From the petfinder link?


----------



## Sunny Delight (Mar 10, 2007)

I just opened the link and didn't get a warning. Hmmm.....

Miss Deer is sure a cutie-patootie!! Good luck with your first foster adventure!! I always have mine meet my pups outside on our big fenced in deck. I leave the leash on the foster in case I need to grab it, but I don't have mine leashed at all. I think dogs meet better when off-leash. As our transport drops off EARLY Sat morning (6:00 am!! Ugh!!) hubby is always there to help. I have him send out one dog and after the foster is comfortable with that one, I have him send out the second, so that now all three are outside. 

I stay out with all of them for about 10 minutes or so and then let the foster in to explore. Again I let the leash drag and follow him/her around to see what they find interesting to pick up, or sniff, or try to pee on, or whatever. Often they have found a bone I've left out.
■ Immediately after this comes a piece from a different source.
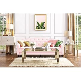 Novogratz 9 2020657N Elegant Vintage Tufted Slim Sloped-Arms Sofa Sleeper II, Pink Velour

I take it away and put it up so we don't have issues. 

I make sure to feed them away from the other two dogs (but they eat in treat balls, so the foster is the only one eating in a bowl anyway) but they all share the water. 

Please keep us updated on how it goes!!


----------



## hgatesy (Feb 14, 2007)

Thanks for the advice. The women that teaches the boys classes gave me some good tips too, and told me I can e-mail here this weekend if I have any problems which is helpful. 
One more day!


----------



## hgatesy (Feb 14, 2007)

Good news! We delivered Miss Deer to her new home in Baltimore, Maryland yesterday! Her name is now Lucy.

Cross your fingers that it's FOREVER!


----------



## GoldenJoyx'stwo (Feb 25, 2007)

Here's to a job well done! I hope it all works out.


----------